People often cite Paul Clement’s briefs as good examples of
thematic brief writing. Part of the reason is that, as Ross Guberstein has
pointed out, Clement seizes on powerful words that capture his theme and repeats
them throughout the brief. In honor of those briefs, I’ve instituted the “Paul
Clement Word of the Day,” which admittedly will not be a daily, weekly, or even
monthly feature of this blog.
That’s the thematic buzzword that appears repeatedly in
Clement’s cert petition in Exxon Mobil
Corp. v. City of New York, in which Clement argues that NYC’s tort suit
against Exxon wasn’t ripe because the claim was merely “contingent” and “speculative.”

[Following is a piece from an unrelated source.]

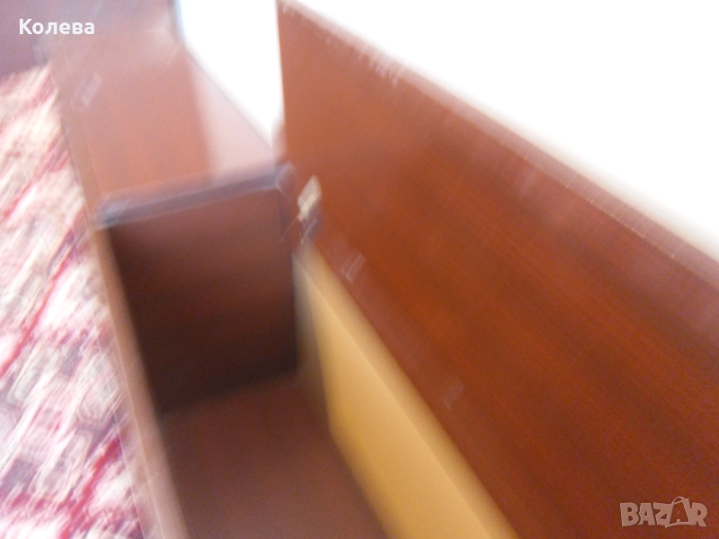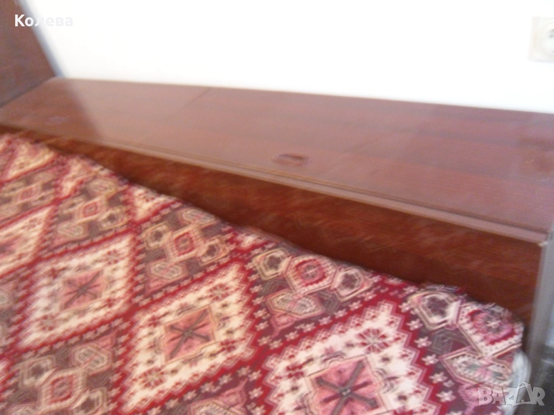 дюшеци и матраци .Спалнята е на крачета .,полирана тъмнокафява както и

Some form of the word “speculative” (ex. “speculate,” "speculation") appears 33 times in the 36-page petition.
Here’s my favorite part of the petition:
This problem is self-evident in the jury instruction asking
if the plaintiff “will be” injured—without any imminence requirement. App. 22.

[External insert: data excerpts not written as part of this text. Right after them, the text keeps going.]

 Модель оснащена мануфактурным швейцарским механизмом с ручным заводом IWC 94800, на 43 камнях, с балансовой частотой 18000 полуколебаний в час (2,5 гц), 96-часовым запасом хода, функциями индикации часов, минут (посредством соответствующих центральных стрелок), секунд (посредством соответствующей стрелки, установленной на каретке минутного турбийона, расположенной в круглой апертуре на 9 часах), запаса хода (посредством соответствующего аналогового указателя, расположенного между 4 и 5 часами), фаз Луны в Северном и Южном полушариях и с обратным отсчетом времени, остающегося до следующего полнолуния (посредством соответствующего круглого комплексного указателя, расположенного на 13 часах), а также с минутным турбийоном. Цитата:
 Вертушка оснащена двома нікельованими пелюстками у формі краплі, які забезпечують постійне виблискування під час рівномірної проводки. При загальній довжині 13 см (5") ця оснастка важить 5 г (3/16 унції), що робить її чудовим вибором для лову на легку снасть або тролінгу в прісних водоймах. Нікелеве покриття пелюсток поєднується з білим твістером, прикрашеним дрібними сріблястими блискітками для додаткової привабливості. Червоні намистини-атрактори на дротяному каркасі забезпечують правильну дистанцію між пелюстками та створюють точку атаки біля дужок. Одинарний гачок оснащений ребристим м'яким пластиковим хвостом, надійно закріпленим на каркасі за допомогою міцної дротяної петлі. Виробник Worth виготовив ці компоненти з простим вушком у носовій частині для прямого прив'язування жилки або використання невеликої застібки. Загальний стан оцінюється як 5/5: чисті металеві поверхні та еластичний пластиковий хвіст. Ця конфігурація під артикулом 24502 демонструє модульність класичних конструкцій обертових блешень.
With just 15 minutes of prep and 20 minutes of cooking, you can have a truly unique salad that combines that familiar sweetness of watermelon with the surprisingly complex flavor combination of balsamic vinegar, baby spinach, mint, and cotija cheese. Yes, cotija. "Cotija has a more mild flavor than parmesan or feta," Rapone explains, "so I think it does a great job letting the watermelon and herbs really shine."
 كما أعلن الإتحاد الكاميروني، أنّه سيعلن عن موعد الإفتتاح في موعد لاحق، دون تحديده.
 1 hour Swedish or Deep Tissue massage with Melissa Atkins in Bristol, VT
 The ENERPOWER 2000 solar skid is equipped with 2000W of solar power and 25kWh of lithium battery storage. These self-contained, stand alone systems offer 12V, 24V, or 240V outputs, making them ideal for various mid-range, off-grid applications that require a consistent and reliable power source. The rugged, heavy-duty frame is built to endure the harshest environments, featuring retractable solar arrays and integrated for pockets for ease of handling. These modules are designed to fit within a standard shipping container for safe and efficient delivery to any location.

In an Article III court, the proper answer to such a question is not yes or no,
but come back when the injury is ripe. E.g., Lujan, 504 U.S. at 560.

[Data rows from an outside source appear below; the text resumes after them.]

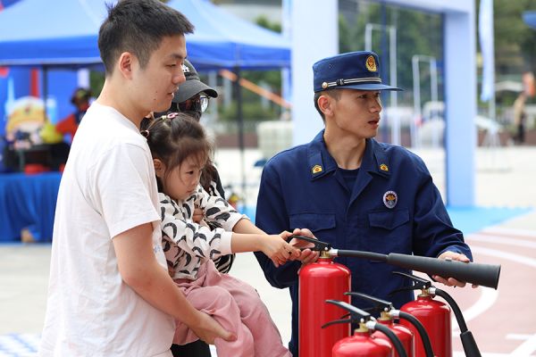 亲子齐上阵在消防队员指引下学习灭火器用法
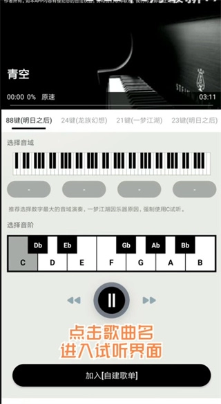 3、用户可以在软件中自建歌单,可以在里面弹奏自己喜欢的钢琴曲。
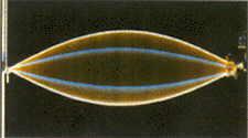 ½ÇÁ¦ÀÇ ÁÙÀÇ Àü»óÆÄÀÇ »çÁø. ¿ÞÂÊÀÌ ¹¿© ÀÖ´Â ÁÙÀÇ ¿À¸¥ÂÊÀ» Áøµ¿½ÃÄ×À» ¶§ ±× Áøµ¿¼ö°¡ Ưº°ÇÑ °æ¿ì ¿ÞÆíÀÇ »çÁø °°ÀÌ °¡¿îµ¥¸¸ÀÌ Å©°Ô Áøµ¿Çϴ ƯÀÌÇÑ ÆÄµ¿ÀÌ µÈ´Ù. ÀÌó·³ °ø°£¿¡ ¸Ó¹«´Â ÆÄµ¿À» Á¤»óÆÄ¶ó ÇÑ´Ù. |

Making the suit even more clearly premature, this
future-tense instruction stacked speculation upon speculation. The jury
speculated:
• whether the City will fulfill its good faith intention to
start building a treatment plant in the next 15 years;
• whether, if as speculated the City actually builds a
treatment facility, the City will use Station Six as a backup supply within 15
to 20 years;
• whether, if the City uses Station Six, the “pumping scenario”
that it actually employs—i.e., the frequency and extent of that speculated
backup use, which in turn depends on unpredictable factors including “presently
unforeseen infrastructure repairs” and the pumping scenario of other nearby
wells causes the Station Six Wells’ “capture zone” to encompass otherwise
remote MTBE spills; and
• whether, depending on the size and shape of the speculated
capture zone, enough otherwise remote MTBE will be drawn into the Station Six
Wells so as even to require treatment.
See App. 15–16, 18–20; App. 22; 189. The District Court thus
did not merely allow the jury to find a future injury sufficient, it asked the
jury to make a string of predictions about what might (or might not) occur more
than 15 years from now, depending on how the City uses wells that it cannot use
unless and until it addresses PCE contamination. Indeed, the word “prediction”
and its variants appear more than a dozen times in the District Court’s
opinion. App. 125, 126, 127, 136, 166, 167, 168, 169, 176, 177. And the jury’s
central finding on injury was that MTBE concentrations would peak at 10 parts
per billion in the year 2033. App. 23. The consequence of all these predictions
was that the City walked away with $104 million to redress an injury that has
not yet occurred and may never occur.
Pet. at 21-22 (my emphasis).
In the underlined/boldened sentence, Clement actually does his own word study, this time of the district court's opinion. It was an effective technique: The court's own reliance on the word "prediction" underscored just how "speculative" the whole suit really was.